The countries with the most publications were Kenya and Uganda (n = 10, 14% for each) followed by South Africa (n = 9, 12%). The remaining countries had 1–6 publications (Table 4). Two studies occurred in more than one country, one in Kenya and Uganda, and another in Kenya and Mozambique.
Table 4.
Number of articles from each African country
| Country | Number of articles |
|---|---|
| Kenya | 10 |
| Uganda | 10 |
| South Africa | 9 |
| Ethiopia | 6 |
| Ghana | 6 |
| Malawi | 6 |
| Nigeria | 6 |
| Tanzania | 4 |
| Botswana | 3 |
| Mozambique | 3 |
| Sierra Leone | 3 |
| Madagascar | 2 |
| Rwanda | 2 |
| Burkina Faso | 1 |
| Burundi | 1 |
| Central African Republic | 1 |
| Gabon | 1 |
| Zimbabwe | 1 |
Most articles are from the southeast region of the continent (Figure 3). Thirty-six countries did not have publications that met eligibility criteria, that is, no articles from north or southwest Africa.
Figure 3.
Map of countries in Africa that have studies included in this review.
Types of HIT evaluated
The most common types of HIT evaluated were clinical decision support systems (CDSS) (n = 24, 33%) and clinical information systems (n = 13, 18%), which include electronic health records, information systems, and documentation systems (Table 5). The least common type of HIT was adverse event reporting (n = 1). In terms of the application domain, 21% (n = 15) of HIT evaluated was for HIV care (n = 15, 21%).

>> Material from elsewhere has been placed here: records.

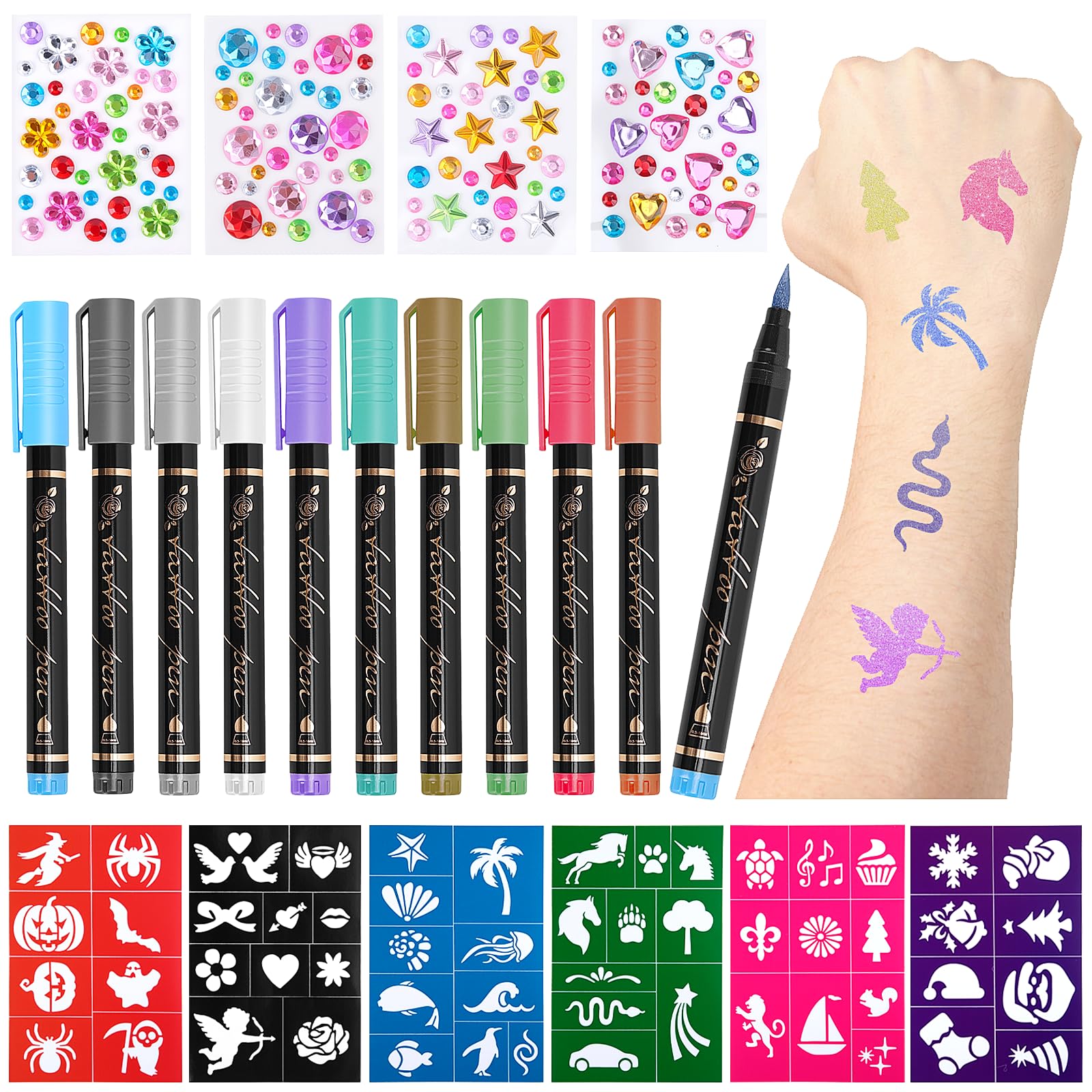 This glitter tattoo set offers 10 vibrant metallic colors with a brilliant glitter effect for eye-catching artwork that lasts all day. It includes 6 stencils with 56 designs and 4 glitter gem stencils to encourage creativity in children and adults. The water-based pens are easy to remove from skin and most surfaces with soap and water and leave no residue. The kit is ideal for holidays such as Easter, Halloween, Christmas, birthday parties, art festivals, and role-playing, making it a versatile creative kit for all occasions. Instructions: 1. Close the cap before use and shake the pen. 2. Air the tip by pressing down on it (only the first time). 3. Press down continuously on the tip until the ink flows. 4. Do not press down on the tip while writing. 5. After use, tighten the cap and store the pen flat. 6. Wash the tattoos by hand in warm water or liquid hand soap. Caution: 1. On rough surfaces, draw slowly to avoid ink splatter. 2. To avoid smudging, apply a very thin layer first. Let it dry before applying. 3. When using a spray sealant, be careful not to hold it too close to the object while spraying, as it will stain even with a thin layer. Package Contents: 10 glitter tattoo pens (white, purple, orange, blue, red, gray, silver, gold, green, gemstone green). 6 stencils (56 designs). 4 glitter stencils (circle, heart, star, flower). SAFETY WARNING Not suitable for children under 36 months.Perfect for parties and occasions: The glitter tattoo kit is ideal for holidays such as Easter, Halloween, and Christmas, as well as birthday parties, art festivals, role-playing games, and other special occasions. A versatile creative kit for everyone. Skin-friendly and long-lasting: Our tattoo pens are made from premium, non-toxic materials and are safe for human use. The formula dries quickly and lasts all day. The pen cap should be tightly closed after use. Easy to clean and versatile: The water-based tattoo pens are easy to remove from skin and most surfaces with soap and water without leaving any residue. Perfect for temporary tattoos on the body and face, as well as for decorating cards, mugs, stones, mirrors, and more. Various stencils and rhinestones: This glitter tattoo set contains 6 stencils with 52 unique designs and 4 sparkling rhinestone designs (circle, flower, star, heart) to inspire creativity and create individual designs. Ideal for children and adults. Vibrant metallic colors: This glitter tattoo set contains 10 brilliant metallic shades with a dazzling, shimmering effect for eye-catching, sparkling artwork. The vivid colors last all day and are perfect for all your creative projects.Meetory Lot de 10 crayons de maquillage temporaires à paillettes, imperméables, doux pour la peau, pour les humains, les adultes, Halloween, fête, anniversaire, avec 6 pochoirs et 4 pierres précieusesDESCRIPTION DU PRODUIT DESCRIPTION DU PRODUIT Ce lot de tatouages scintillants offre 10 couleurs métalliques vives avec un effet pailleté brillant pour des œuvres d'art accrocheuses qui durent toute la journée. Il comprend 6 pochoirs avec 56 motifs et 4 modèles de pierres scintillantes pour encourager la créativité des personnes et des adultes. Les stylos à base d'eau sont faciles à enlever de la peau et de la plupart des surfaces avec de l'eau et du savon et ne laissent aucun résidu. Le kit est idéal pour les fêtes telles que Pâques, Halloween, Noël, les fêtes d'anniversaire, les festivals d'art et les jeux de rôle, ce qui en fait un kit créatif polyvalent pour toutes les occasions. Mode d'emploi : 1. Fermez le capuchon avant utilisation et secouez le stylo. 2. Aérer la pointe en appuyant sur la pointe (uniquement la première fois). 3. Appuyez continuellement sur la pointe jusqu'à ce que l'encre sorte. 4. Ne pas presser la pointe lorsque vous écrivez. 5. Après utilisation, resserrez le capuchon et rangez le stylo à plat. 6. Lavez les tatouages à la main dans de l'eau chaude ou du savon liquide pour les mains. Attention : 1. Pour les surfaces rugueuses, dessinez lentement pour éviter les éclaboussures d'encre. 2. Pour éviter les bavures, appliquez d'abord une très fine couche. Laissez sécher avant l'application. 3. Lors de l'utilisation d'un scellant par pulvérisation, veillez à ce qu'il ne soit pas trop près de l'objet lors de la pulvérisation, car il est taché, même avec une fine couche. Contenu de l'emballage : 10 stylos de tatouage à paillettes (blanc, violet, orange, bleu, rouge, gris, argent, or, vert, vert pierre précieuse). 6 pochoirs (56 motifs). 4 pochoirs à paillettes (cercle, cœur, étoile, fleur). AVERTISSEMENT DE SÉCURITÉ Ne convient pas aux enfants de moins de 36 mois.Parfait pour les fêtes et les occasions : le kit de tatouages à paillettes est idéal pour les vacances telles que Pâques, Halloween et Noël, ainsi que pour les fêtes d'anniversaire, les festivals d'art, les jeux de rôle et d'autres occasions spéciales. Un kit créatif polyvalent pour tout le monde. Doux pour la peau et durable : nos stylos de tatouage sont fabriqués à partir de matériaux non toxiques de qualité supérieure et sont sans danger pour les humains. La formule sèche rapidement et dure toute la journée. Le capuchon du stylo doit être bien fermé après utilisation. Facile à nettoyer et polyvalent : les stylos de tatouage à base d'eau sont faciles à enlever de la peau et de la plupart des surfaces avec de l'eau et du savon sans laisser de résidus. Parfait pour les tatouages temporaires sur le corps et le visage, ainsi que pour décorer des cartes, des tasses, des pierres, des miroirs et plus encore. Différents pochoirs et strass : ce lot de tatouages à paillettes contient 6 pochoirs avec 52 motifs uniques et 4 modèles de strass scintillants (cercle, fleur, étoile, cœur) pour stimuler la créativité et créer des designs individuels. Idéal pour les personnes et les adultes. Couleurs métalliques vives : ce lot de tatouages à paillettes contient 10 t
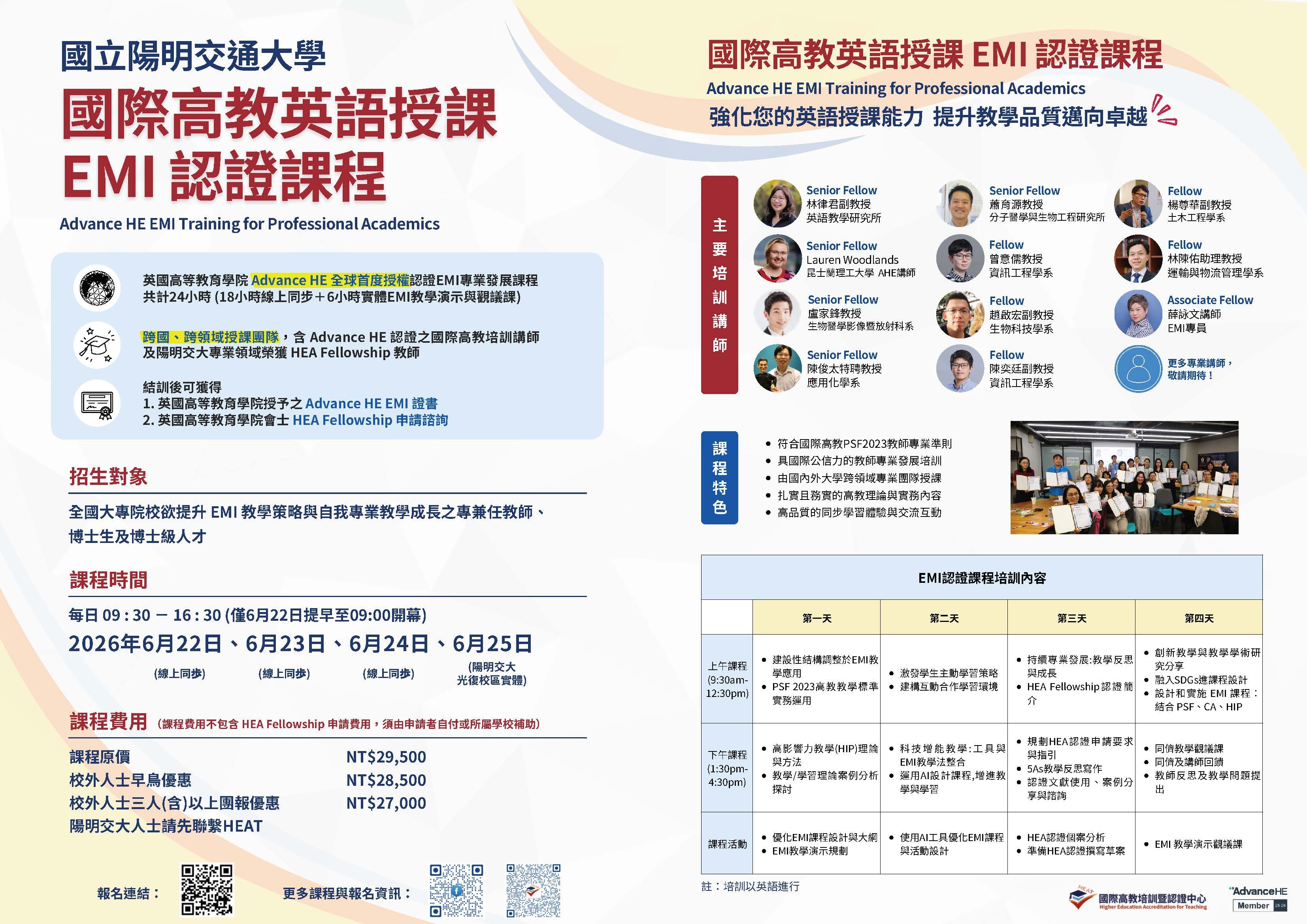 一、「國際高教英語授課EMI認證課程(Advance HE EMI Training for Professional Academics)」,由英國高等教育學院(Advance HE)國際高教培訓講師,搭配該校國際高教培訓團隊講師共同授課,提供兼具國際視野和臺灣實務經驗的高教教學培訓,完成後可獲英國Advance HE結訓證書。
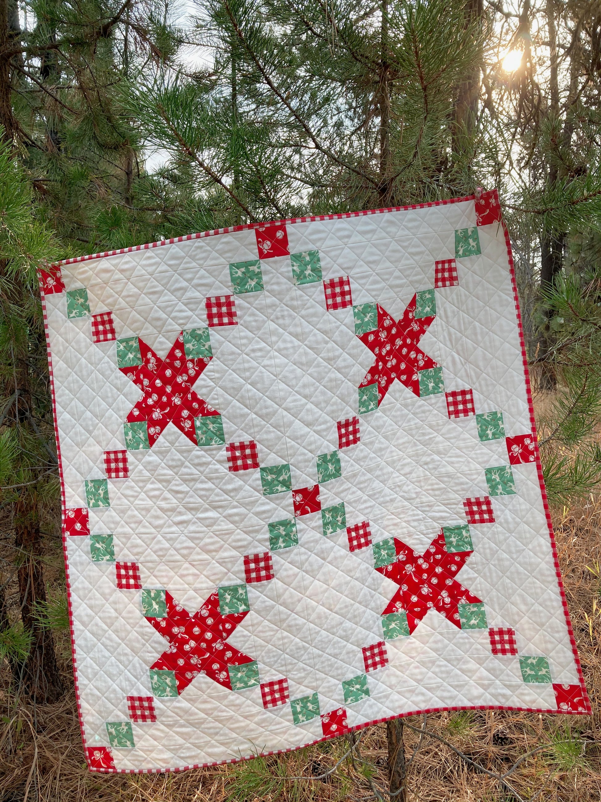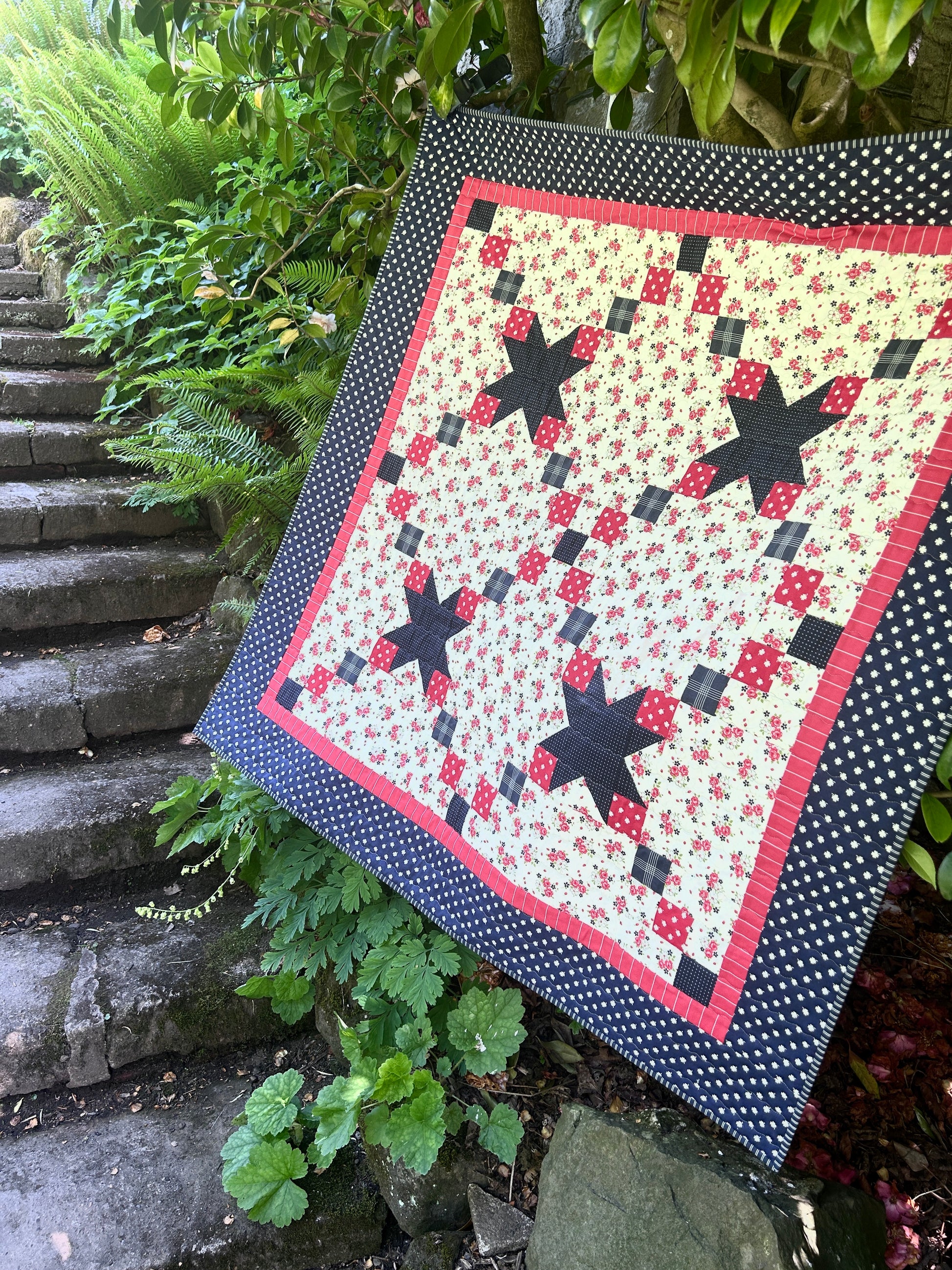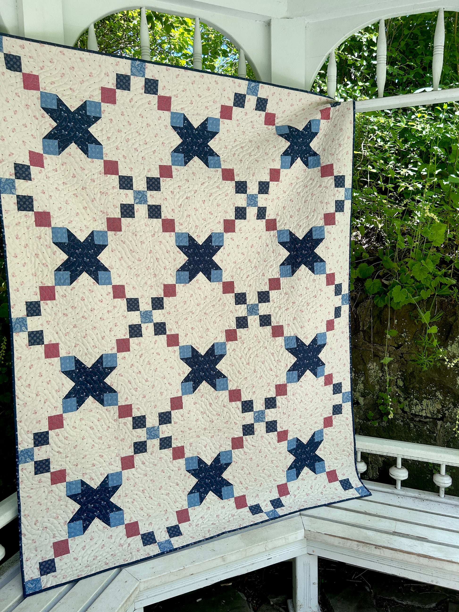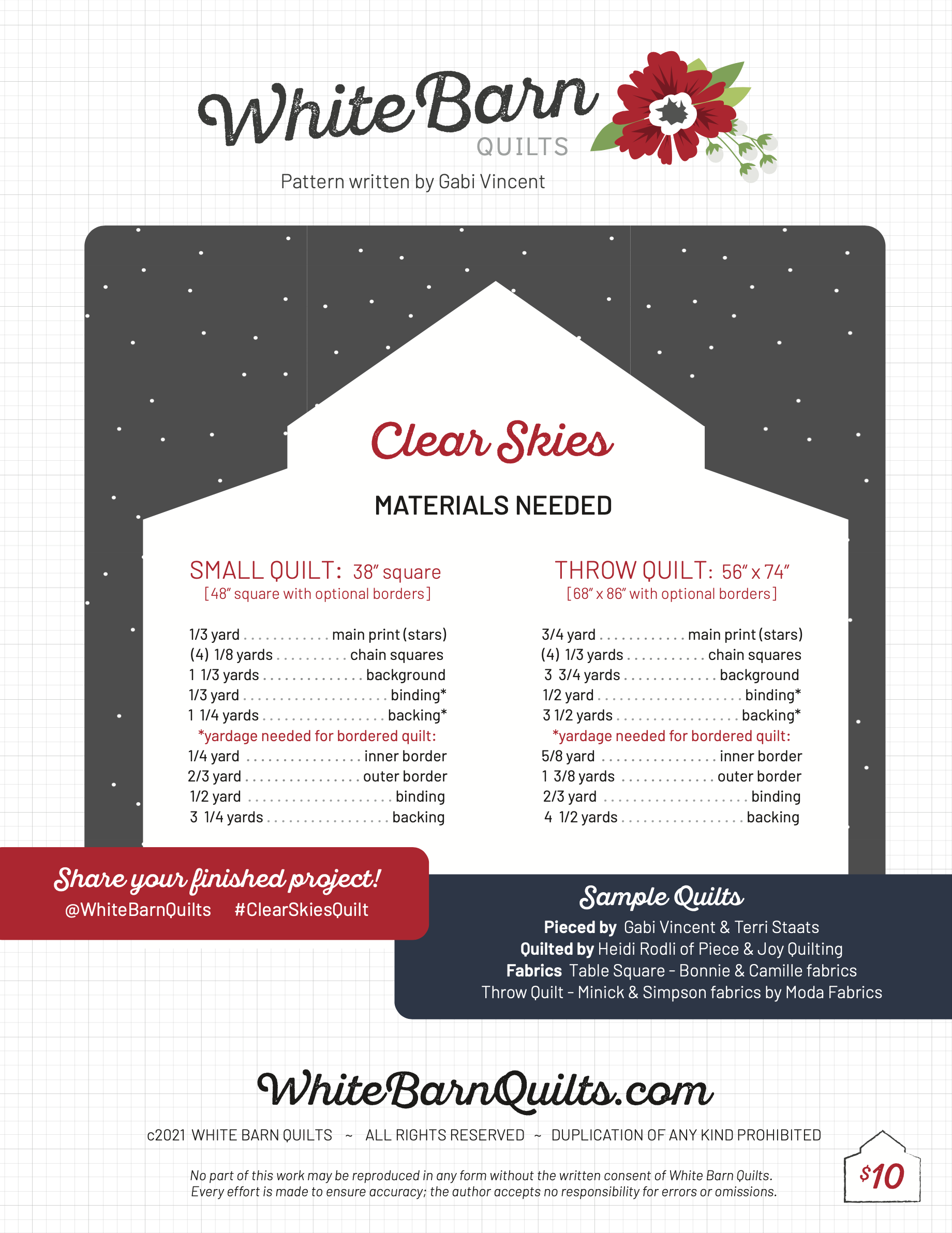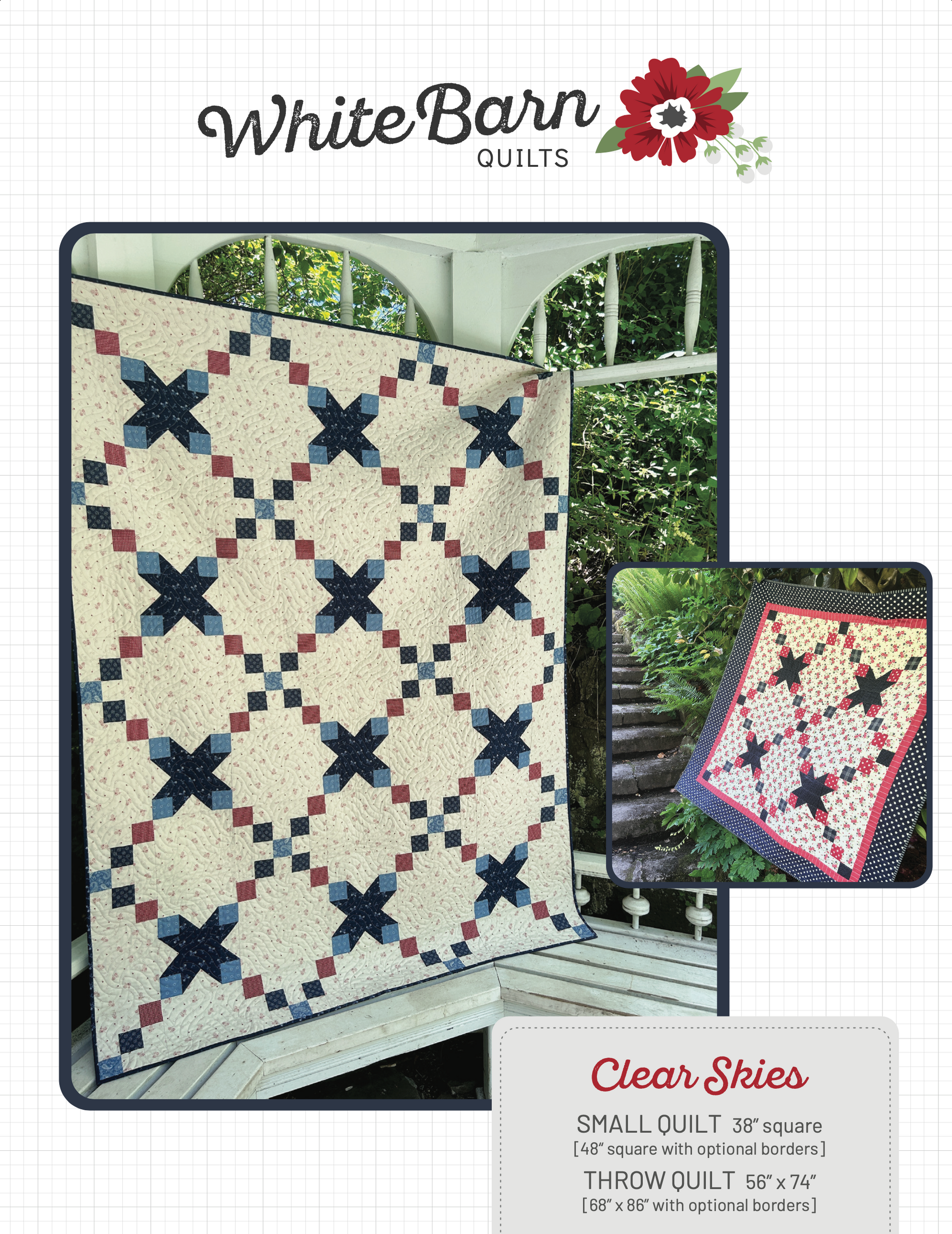 Clear Skies is a wonderfully versatile pattern - with two basic sizes and additional border options, there are so many possibilities! One of my favorite quilt blocks is the crisp and classic Sawtooth Star, and when mixed with an Irish Chain layout, I just love the open white space it creates. The chain blocks are all strip-pieced, so these projects go together really quickly! The square version would be perfect as a baby quilt too. I hope you love this quick piece pattern as much as I do!

Very few studies utilized or evaluated preexisting HIT in their work. The exception is Lim et al26 who leveraged two health applications that were previously evaluated for usability to enhance the design of their CDSS. This allowed them to quickly move to stage 3 and 4 usability evaluations rather than duplicate the previous work.
Table 5.
Number of health IT systems evaluated by type
| Category | Number |
|---|---|
| 1. Population-based system | 9 |
| a. Registry | 2 |
| b. Population surveys | 2 |
| c. Disease control | 5 |
| 2. Clinical information system | 13 |
| a. Electronic health record | 7 |
| b. Information system | 5 |
| c. Documentation system | 1 |
| 3. CDSS | 24 |
| a. For information management (eg, information needs) | 1 |
| b. For focusing attention (eg, reminder/alerts) | 2 |
| c. For providing patient-specific recommendations | 21 |
| 4. Patient/consumer facing decision support system | 6 |
| a. For information management (eg, information needs) | 1 |
| b. For focusing attention (eg, reminder/alerts) | 5 |
| 5. Telehealth system—provider-patient consultation | 8 |
| 6. Training system | 7 |
| a. Provider education | 3 |
| b. Patient education | 4 |
| 7. Adverse event reporting | 1 |
| 8. Logistics system | 5 |
| a. Patient admissions | 2 |
| b. Medical supplies | 1 |
| c. Pharmaceuticals | 2 |
Note: HIT categories were based on Gremy and Degoulet’s classifications, CDSS classifications described by Musen, AHRQ, and logistic systems are categorized by the item they are tracking.27–29
Abbreviations: CDSS: clinical decision support system; HIT: health information technology; AHRQ: Agency for Healthcare Research and Quality.
Stages of SDLC
Most publications (n = 48, 66%) described single-stage evaluations. While many methods were similar across stages, some were unique to an individual stage, such as cost-benefit analysis and quality-adjusted life year (QALY) score calculations at stage 5 evaluations (Table 6). Mixed methods was the most common study design (n = 43, 59%), typically including some form of qualitative interviews or focus groups as well as administration of quantitative questionnaires.
Table 6.
Methods used at each SDLC stage
| SDLC stage | Methods Used |
|---|---|
| Stage 1: specify needs and setting | Data collection/data sources
|
Data analysis
| |
| Stage 2: system component development | Data collection/data sources
|
Data analysis
| |
| Stage 3: combination of components | Data collection/data sources
|
Data analysis
| |
| Stage 4: integrate health IT into a real environment | Data collection/data sources
|
Data analysis
| |
| Stage 5: routine use | Data collection/data sources
|
Data analysis
|
Abbreviations: CDSS: clinical decision support system; QALY: quality-adjusted life year; SDLC: System Development Life Cycle; HIT: health information technology.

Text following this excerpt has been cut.